Imagine the surprise this customer got.
Remodeled his kitchen to the tune of about 70k. He likes to cook so he had a commercial sized gas stove installed complete with the 1000cfm exhaust hood.
Guess where that 1000cfm exhaust was being replaced from...yep! The chimney! Nature hates a vacuum so that chimney became a straw. All of his atmospheric appliances vented into the house when he made eggs or boiled water for tea.
Your fireplace scenario reminds of a similar situation. One of my buddies had a girl friend that had a new home built. She likes wood fires, so do I, so she has this ULTIMATE fireplace/chimney system built by a "fireplace expert". He does awesome work! 5 individual flues and "make up air" vents for the master fireplace. They start a fire.
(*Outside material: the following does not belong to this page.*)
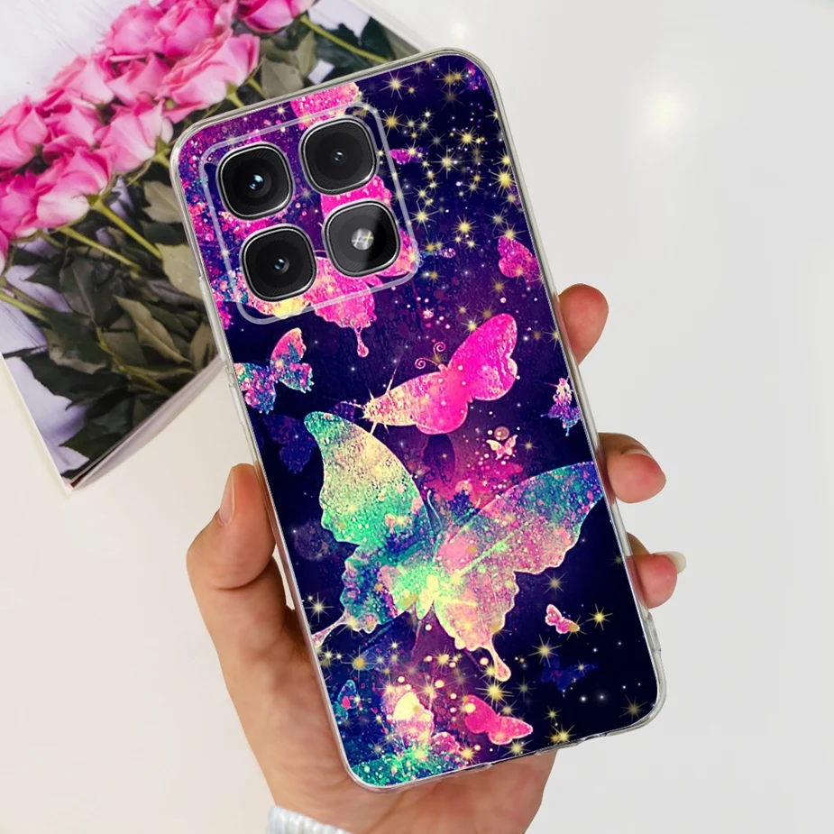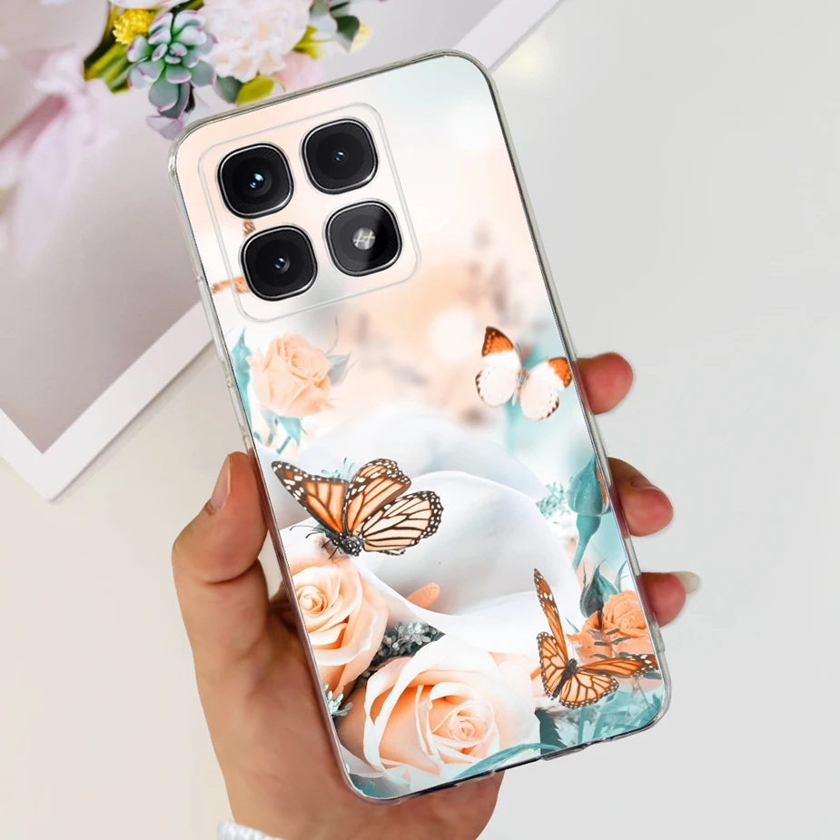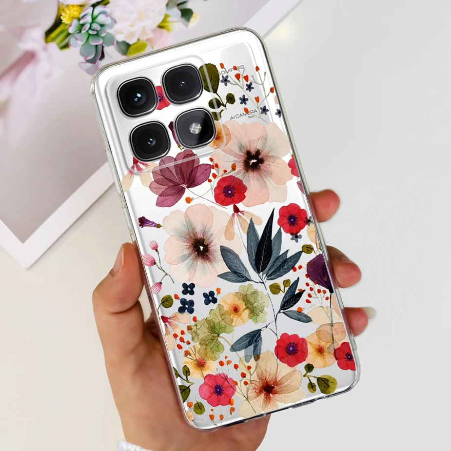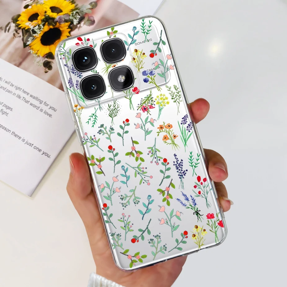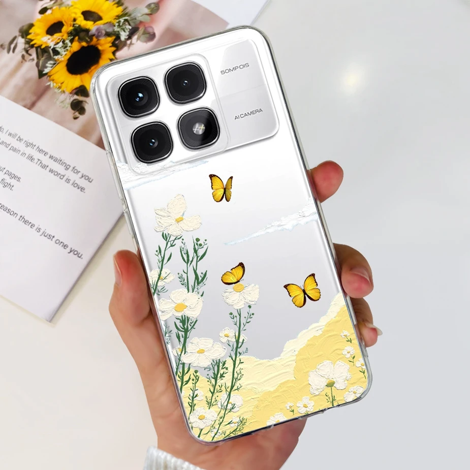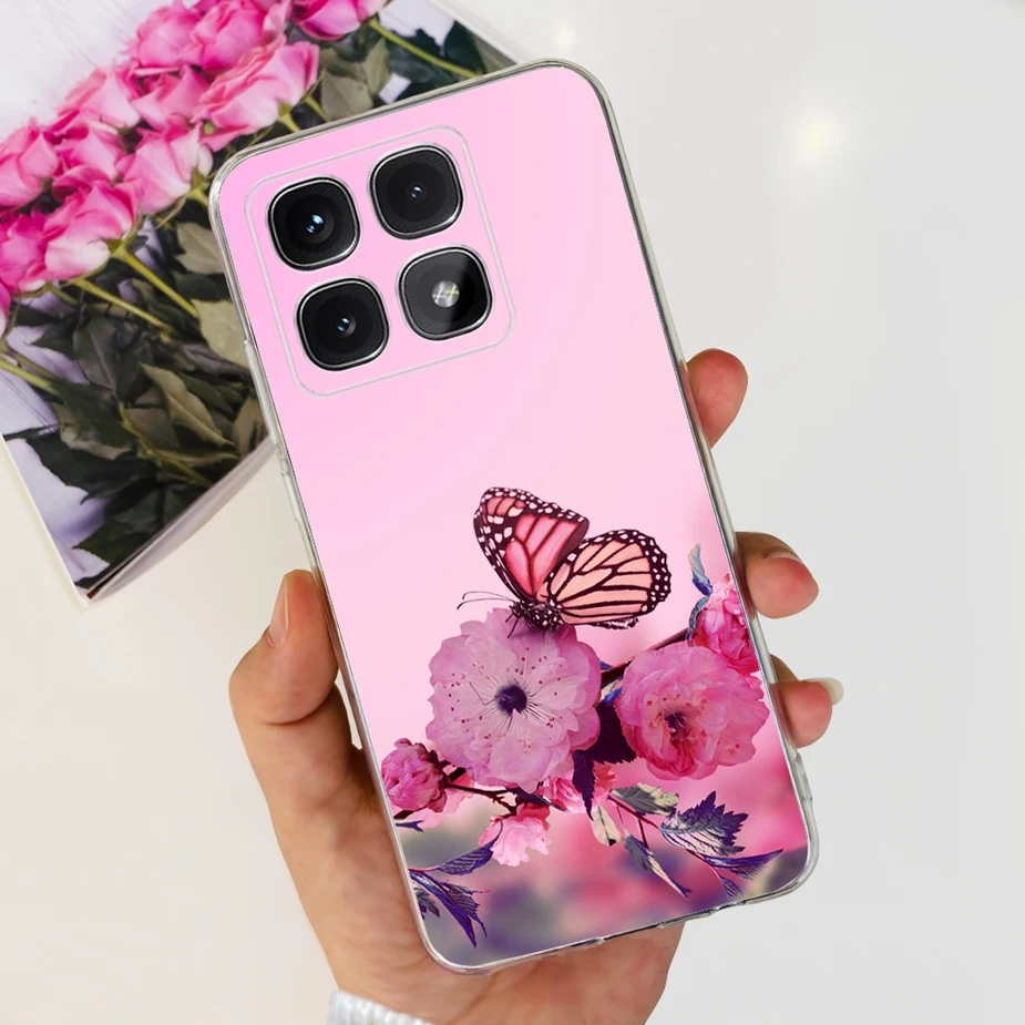 Para xiaomi Mi 14T Pro Case Cute Cat Flowers Painted Cover Funda de silicona transparente para Xiaomi 14T Pro 14TPro Mi14T Carcasa suave

Smoke alarms in the basement go off. Hmmmmm???? My buddy goes outside and WATCHES smoke from the main fireplace getting sucked back down the flue of the un-used wood stove in the basement.
Negative pressure EVEN WITH "make up air" vents for the main FP.
Negative pressure. Leaky return ducting in your basement coupled with a clothes dryer perhaps? Both exhausting air from the house. That air HAS to be replaced. What is the easiest path? Usually, it is the chimney. Biggest, unobstructed hole in the structure. A straw.
Excellent post HDE.
Mark H0 -
Thanks, but I still tear up thinking about the ones that didn't make it.
One comes to mind was a little girl whose single mom was friends with my wife and lived 3 blocks away. While I had been in the house at summer time never during heating season.
Got the 911 call at 8:00 AM, she had stayed home from school for 2 days because she felt ill from the "flu".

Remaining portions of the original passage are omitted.